Common Stock - Class A and Class B
Our Board of Directors has authorized two classes of common stock, Class A and Class B. At December 27, 2013, we had authorized 500,000,000 Class A shares and 500,000,000 Class B shares. At December 27, 2013, we had 48,060,689 shares of Class A common stock and 53,969,786 shares of Class B common stock issued and outstanding. Holders of our Class A and Class B common stock have identical rights, except that holders of our Class A common stock are entitled to one vote per share and holders of our Class B common stock are entitled to ten votes per share. Shares of Class B common stock can be converted to shares of Class A common stock at any time at the option of the stockholder and automatically convert upon sale or transfer, except for certain transfers specified in our amended and restated certificate of incorporation.
Stock Incentive Plans
2000 Stock Incentive Plan.    Effective October 2000, we adopted the 2000 Stock Incentive Plan. The 2000 Stock Incentive Plan, as amended, provides for the issuance of incentive and non-qualified stock options to employees, directors, and consultants of Dolby Laboratories to purchase up to 15.1 million shares of Class B common stock. Under the terms of this plan, options became exercisable as established by the Board of Directors (ratably over four years), and expire ten years after the date of the grant. Options granted under the plan were granted at not less than fair market value at the date of grant.
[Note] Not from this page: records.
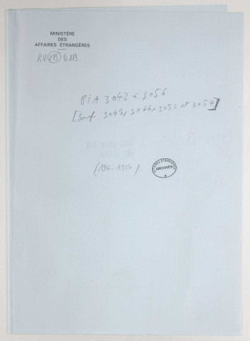 Tous les articles communicables peuvent être reproduits pour usage personnel. Pour les utilisations publiques ou commerciales, il convient de s'enquérir des conditions auprès des Archives diplomatiques.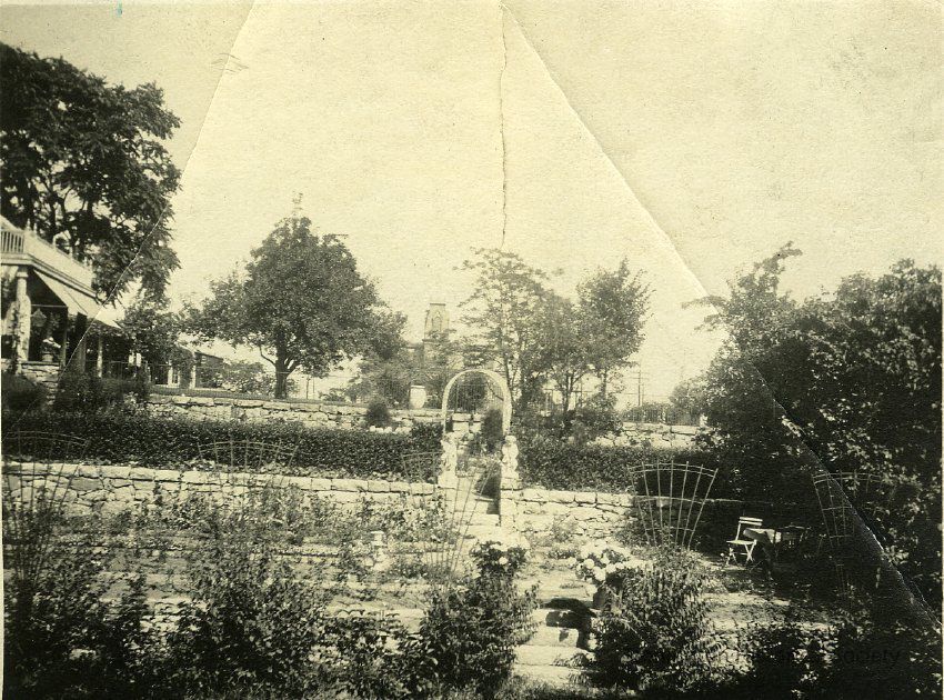 Stone wall, steps and angels in garden at "The Hill," residence at 35 Grand Street has negative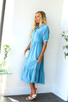 Twirling into a beautiful new day with the beautiful new Leo dress is! Featuring short cuffed puff sleeves, a flattering collared neckline with functional button bodice and a perfect length flowy hem skirt! This dress is so dreamy, it's a true must have!
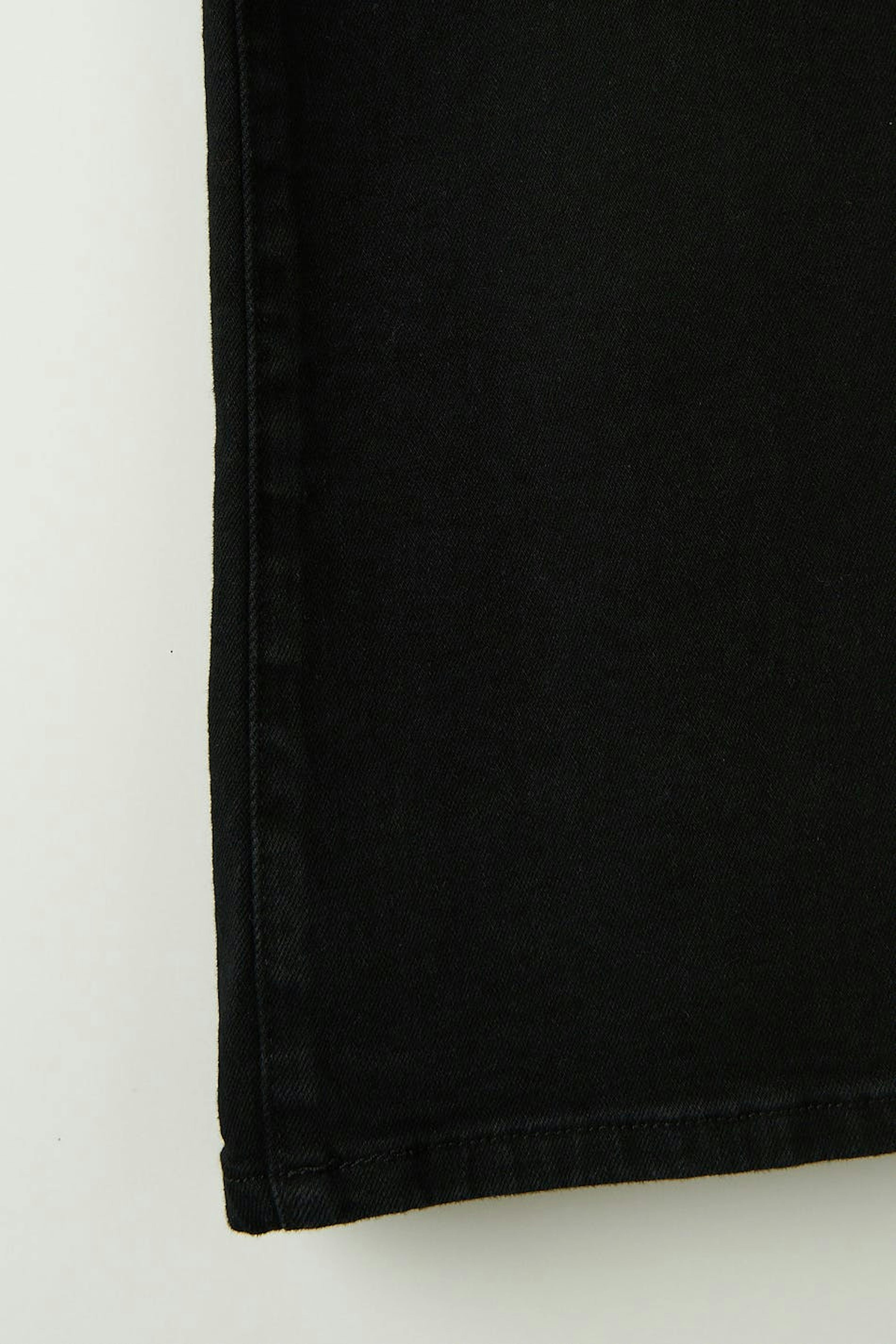 Petite bootcut jeans med låg midja. Jeansen är svarta och har utsvängda ben i denim med låg stretch. De har normal längd, dragkedjegylf och fickor fram och bak. Passar för dig som är 160 cm eller kortare. Se gärna vår storleksguide för att hitta din storlek.
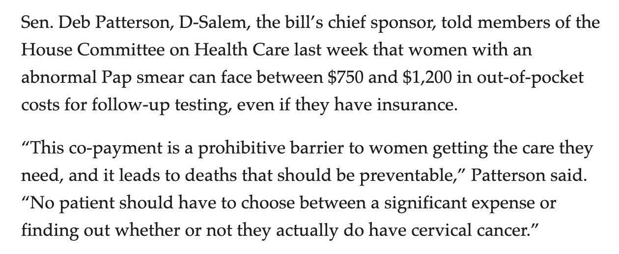 "Oregon is poised to become the first state in the nation to eliminate out-of-pocket costs for follow-up testing after an abnormal cervical cancer screening."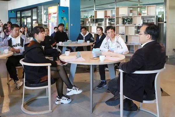 “校長下午茶”活動中,張來斌與同學們一起邊喝茶邊促膝長談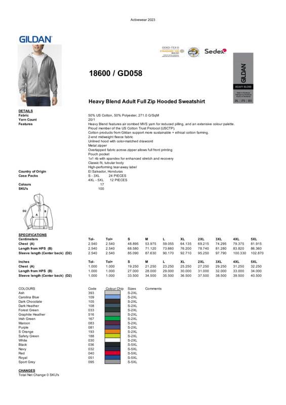 Once an athletic essential, this robust full-zip hooded sweatshirt is now an anchor piece in today’s casual wardrobe. As its name indicates, the cushiony pre-shrunk fleece is satisfyingly cosy with a soft brushed interior for warmth and comfort. And here's a detail others often overlook; overlapped fabric across the metal zipper allows for full front printing, so you can maximise the impact of your imprint.Air jet yarn which has a softer feel and reduced pillingTearaway LabelMetal zipperOverlapped fabric across zipper allows full front printingPouch pockets1x1 rib with elastaneUnlined-lined hood with matching drawstringTwin-needle stitching and set-in sleeves.Accreditations: SEDEX|WRAP|Fair Labour Association (FLA) |Better Cotton|USCTP|Oeko-Tex Standard 100|REACHAge Group: AdultFabric: 50% US Cotton, 50% PolyesterGender: UnisexPlus Size: YesProduct Type: HoodiesSize Exclusions: *3XL only available in these colours. †4XL and 5XL only available in these coloursSize Range: S to 5XLSizing To Fit: S 34/36″ M 38/40″ L 42/44″ XL 46/48″ 2XL 50/52″ 3XL* 54/56″ 4XL† 58/60″ 5XL† 62/64″Tag: Sewn TagWashing Instructions: Machine wash warm. Inside out, with like colours. Only non-chlorine bleach. Tumble dry medium. Do not iron if decorated. Do not dry cleanWeight (GSM): White 265gsm, Colours 279gsm]]>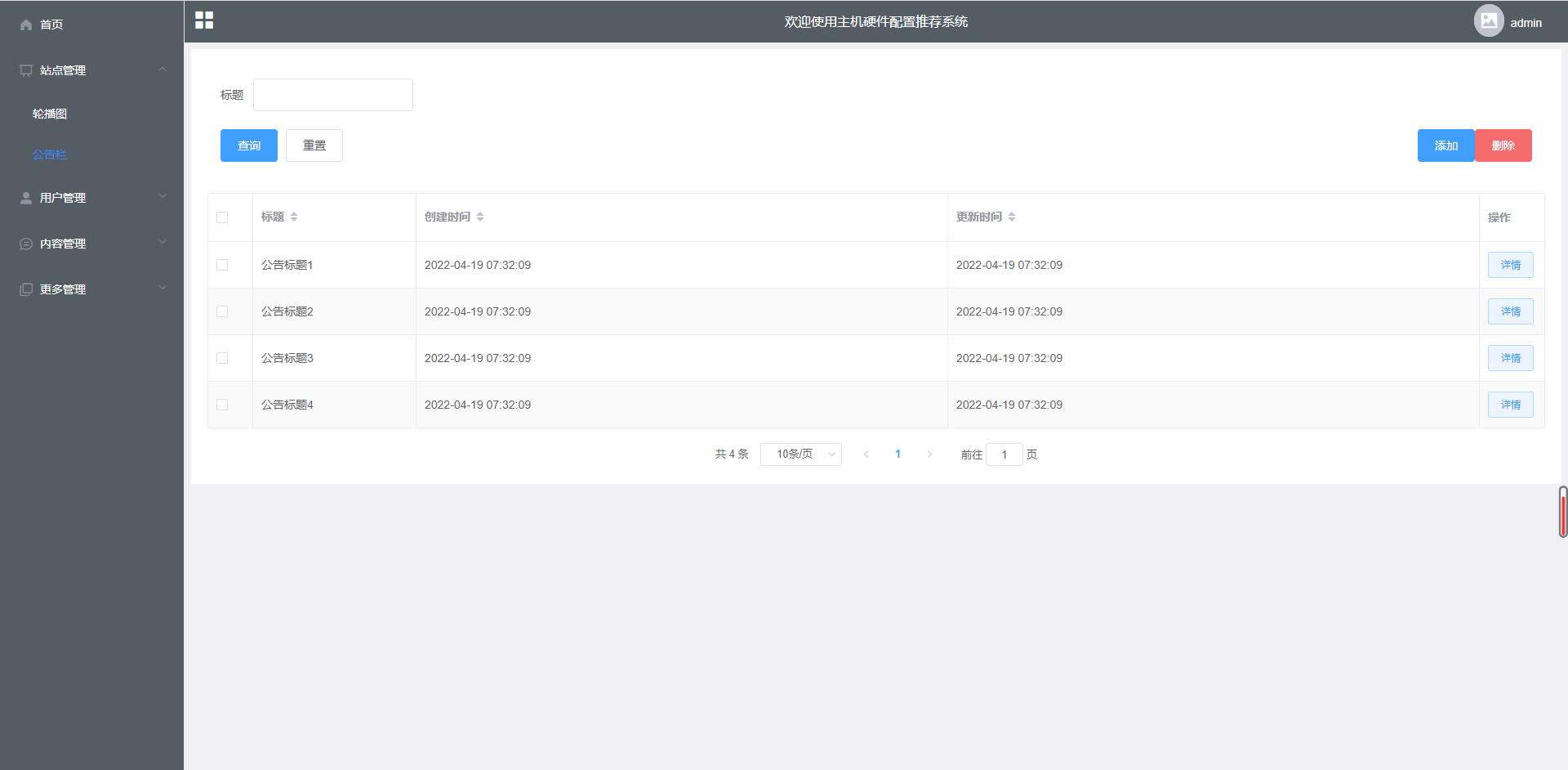 前台用户:首页、公告信息、装机资讯、配件信息、收藏配件信息,密码修改,评论配件和资讯

As of December 27, 2013, there were options outstanding to purchase 0.1 million shares of Class B common stock, of which all were vested and exercisable. The options outstanding have a remaining weighted-average contractual life of 0.5 years. Subsequent to fiscal 2005, no further options were granted under this plan. The 2000 Stock Incentive Plan terminated on October 1, 2010 and no shares of our common stock remained available for future issuance under that plan other than pursuant to outstanding options.
2005 Stock Plan.    In January 2005, our stockholders approved our 2005 Stock Plan, which our Board of Directors adopted in November 2004. The 2005 Stock Plan became effective on February 16, 2005, the day prior to the completion of our initial public offering. Our 2005 Stock Plan, as amended and restated, provides for the ability to grant incentive stock options, nonstatutory stock options, restricted stock, restricted stock units, stock appreciation rights, deferred stock units, performance units, performance bonus awards and performance shares. A total of 29.0 million shares of our Class A common stock is authorized for issuance under the 2005 Stock Plan. For any awards granted prior to February 2011, any shares subject to an award with a per share price less than the fair market value of our Class A common stock on the date of grant and any shares subject to an outstanding restricted stock unit award will be counted against the authorized share reserve as two shares for every one share subject to the award, and if returned to the 2005 Stock Plan, such shares will be counted as two shares for every one share returned. For those awards granted from February 2011 onward, any shares subject to an award with a per share price less than the fair market value of our Class A common stock on the date of grant and any shares subject to an outstanding restricted stock unit award will be counted against the authorized share reserve as 1.6 shares for every one share subject to the award, and if returned to the 2005 Stock Plan, such shares will be counted as 1.6 shares for every one share returned.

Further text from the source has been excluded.